The Long Dark Tea-Time of the Soul Read online

Page 10


  “You have to be kind in this job,” Standish replied, and flicked a smile on and off at her.

  Kate was trying to keep some of the impatience she was feeling out of her manner. She did not take to Mr Standish, and was beginning to feel that there was a kind of Martian quality to him. Furthermore, the only thing she was actually interested in was discovering whether or not the hospital had accepted a new admission in the early hours of the morning, and if so, where he was and whether she could see him.

  She had originally tried the direct approach but had been rebuffed by a mere telephone receptionist on the grounds that she didn't have a name to ask for. Simply asking if they had any tall, well-built, blond men in residence had seemed to create entirely the wrong impression. At least, she insisted to herself that it was entirely the wrong impression. A quick phone call to Alan Franklin had set her up for this altogether more subtle approach.

  “Good!” A look of doubt passed momentarily over Mr Standish's face, and he summoned Miss Mayhew from out of her cupboard again.

  “Miss Mayhew, that last thing I just said to you — ”

  “Yes, Mr Standish?”

  “I assume you realised that I wished you to make a note of it for me?”

  “No, Mr Standish, but I will be happy to do so.”

  “Thank you,” said Mr Standish with a slightly tense look. “And tidy up in here please. The place looks a — ”

  He wanted to say that the place looked a mess, but was frustrated by its air of clinical sterility.

  “Just tidy up generally,” he concluded.

  “Yes, Mr Standish.”

  The psychologist nodded tersely, brushed a non-existent speck of dust off the top of his desk, flicked another brief smile on and off at Kate and then escorted her out of his office into the corridor which was immaculately laid with the sort of beige carpet which gave everyone who walked on it electric shocks.

  “Here, you see,” said Standish, indicating part of the wall they were walking past with an idle wave of his hand, but not making it in any way clear what it was he wished her to see or what she was supposed to understand from it.

  “And this,” he said, apparently pointing at a door hinge.

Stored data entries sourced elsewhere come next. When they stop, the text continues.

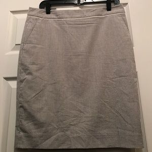 The Limited Pencil Skirt | Size 10 Light blue/grayish color. Zipper back with hook enclosure. Lined with slit in the back. 97% cotton 3% Spandex. Length of skirt is 22 inches. Worn once. Excellent condition.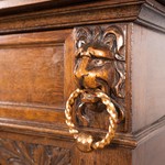 В нашем салоне старинной мебели вы можете купить антикварный полушкаф, изготовленный нидерландскими мастерами из дубового массива насыщенного коньячного оттенка. По стилистической принадлежности полушкаф тяготеет к эстетике неоренессанса, что проявилось в общем художественном решении предмета. Подобные полушкфы выполняли роль сервантов и расставлялись вдоль стен бюргерских домов и выполняли служебную функцию. Полушкаф отличается монументальностью форм и сочетанием горизонтального и вертикального членения. Полушкаф оснащен высоким задним поликом, гладкой прямоугольной столешницей, двумя выдвижными ящиками и массивными распашными дверцами. Вертикальные устои полика и основного объема декорированы ритмичными профилями. Ящики фланкированы резным львиным маскароном искусной работы, держащим металлическое кольцо. Филенки дверец дополнены контрастными вставками арочной формы и резными композициями. Полушкаф покоится на ножках в форме сплюснутого шара. Антикварный полушкаф датирован 1870-ми гг.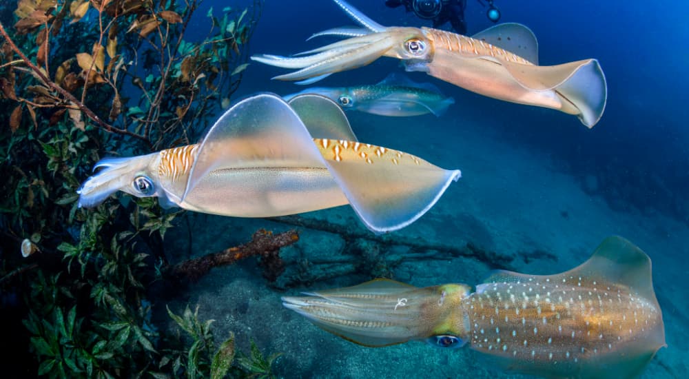 Spring/春の井田 太陽を浴びた海藻の森と、栄養の証「春濁り」。霞んだ視界の向こうではアオリイカや小さな幼魚たちが命を育む、賑やかな春の海です。 詳しく見る 海藻に卵を産み付けるアオリイカに大注目の産卵シーズン! arrow_back 前へ 次へ arrow_forward 萌ゆる緑の森と、命のゆりかご 光降る、エメラルドグリーンの森へ。 Condition /海況 Advice /アドバイス 海藻の森は絶好のフォトスポット。レンズ選びが楽しい季節です。 ・水温:16℃~19℃
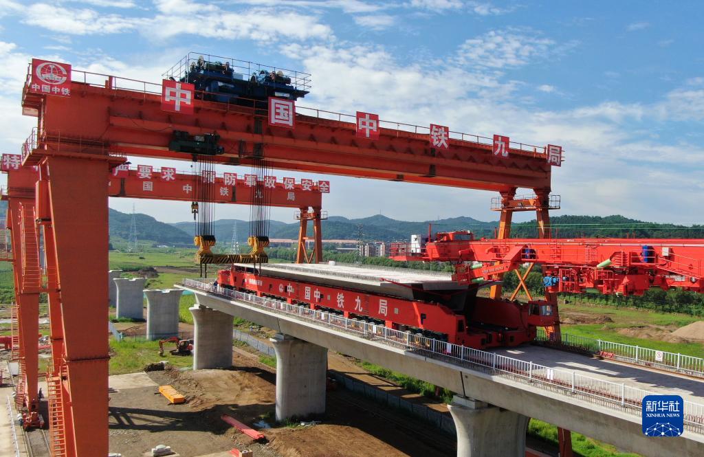 8月6日拍攝的沈白高鐵首孔箱梁架設現場(無人機照片)。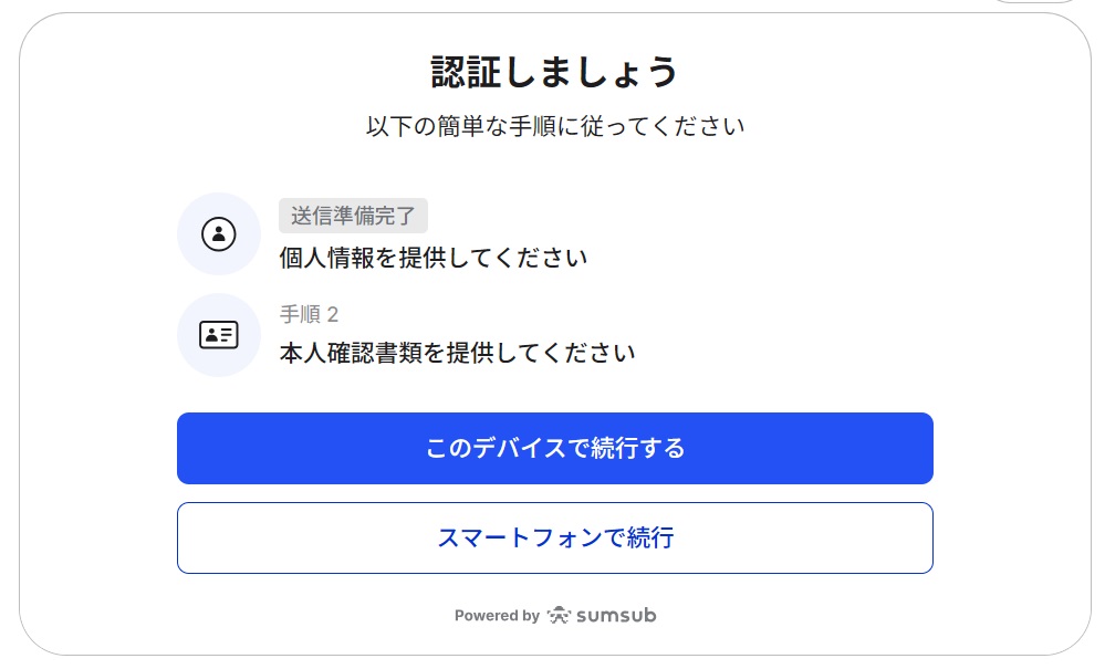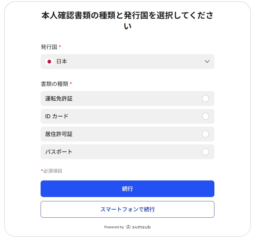 運転免許証、IDカード(マイナンバーカード)、居住許可証、パスポートの中から提出する書類を選択し「続行」をクリックします。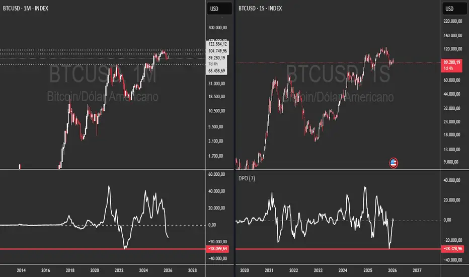 E na tela da direita, no gráfico semanal, reparem, o DPO tocou a mesma zona do gráfico mensal de Julho de 22, agora em 17 de Novembro de 25, na região dos 80k USDT.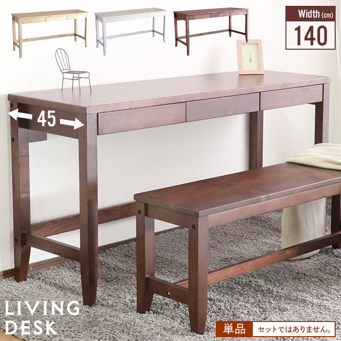 | 商品名 | デスク 天然木 幅140 奥行45 シンプル 木製 デスク 引出し 収納 A4 机 リビング 学習 ナチュラル ホワイト M5-MGKTIR00057WH |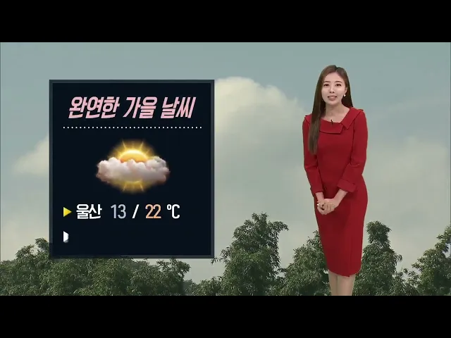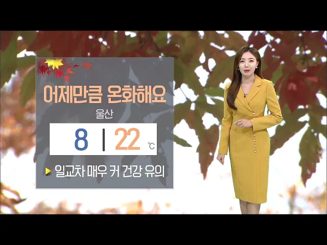 [한낮 22도, 완연한 가을 날씨... 주말 포근해요] 금요일인 오늘도 완연한 가을 날씨가 예상됩니다. 현재 출근길, 울산의 기온 13도로 쌀쌀하게 느껴지는데요. 한낮에는 22도로 예상돼 어제만큼 포근하겠습니다. 다만 일교차가 10도가량 크게 벌어지니까요. 입고 벗기 쉬운 겉옷 챙기셔서 체온 유지 잘 해주시기 바랍니다. ...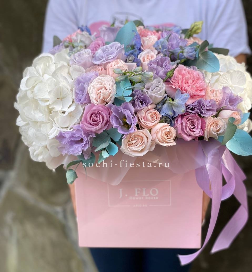 Воздушная композиция в пастельной гамме с акцентом на фактуру раскрытых бутонов. Пионовидные розы и эустома создают объёмный силуэт, а хлопок добавляет графичности.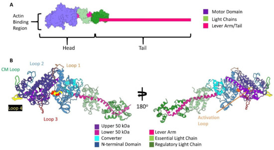 - Masters, T.A.; Kendrick-Jones, J.; Buss, F. Myosins: Domain Organisation, Motor Properties, Physiological Roles and Cellular Functions. Handb. Exp. Pharmacol. 2017, 235, 77–122. [Google Scholar] [CrossRef]
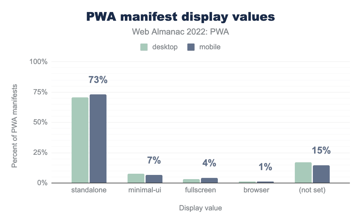 display: standalone mode is the most common display mode, used by almost 3/4 of websites that define a display mode. It’s also one of the display modes that enables an app to be installable.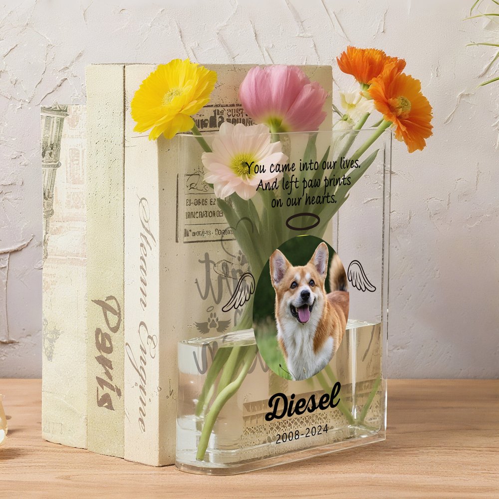 This unique book-shaped vase stands out with its touching tribute design. The front features delicate silhouettes of beloved pets—cats, dogs, rabbits, horses—or you may Personalise it with a cherished photo of your companion. Adorned with angel wings and a halo, the design symbolizes eternal love and precious memories. The back offers 12 heartfelt text options to express your deepest emotions. It also can be customized with your pet's name, creating a one-of-a-kind memorial that brings comfort and strength.

  “Ah,” he added, as the door swung open towards them. Kate was alarmed to find herself giving a little expectant start every time a door opened anywhere in this place. This was not the sort of behaviour she expected of a worldly-wise New Yorker journalist, even if she didn't actually live in New York and only wrote travel articles for magazines. It still was not right for her to be looking for large blond men every time a door opened.

  There was no large blond man. There was instead a small, sandy-haired girl of about ten years old, being pushed along in a wheelchair. She seemed very pale, sick and withdrawn, and was murmuring something soundlessly to herself. Whatever it was she was murmuring seemed to cause her worry and agitation, and she would flop this way then that in her chair as if trying to escape from the words coming out of her mouth. Kate was instantly moved by the sight of her, and on an impulse asked the nurse who was pushing her along to stop.

  She squatted down to look kindly into the girl's face, which seemed to please the nurse a little, but Mr Standish less so.

  Kate did not try to demand the girl's attention, merely gave her an open and friendly smile to see if she wanted to respond, but the girl seemed unwilling or unable to. Her mouth worked away endlessly, appearing almost to lead an existence that was independent of the rest of her face.

  Now that Kate looked at her more closely it seemed that she looked not so much sick and withdrawn as weary, harassed and unutterably fed up. She needed a little rest, she needed peace, but her mouth kept motoring on.

  For a fleeting instant her eyes caught Kate's, and the message Kate received was along the lines of “I'm sorry but you'll just have to excuse me while all this is going on”. The girl took a deep breath, half-closed her eyes in resignation and continued her relentless silent murmuring.

  Kate leant forward a little in an attempt to catch any actual words, but she couldn't make anything out. She shot an enquiring look up at Standish.

  He said, simply, “Stock market prices.”

  A look of amazement crept over Kate's face.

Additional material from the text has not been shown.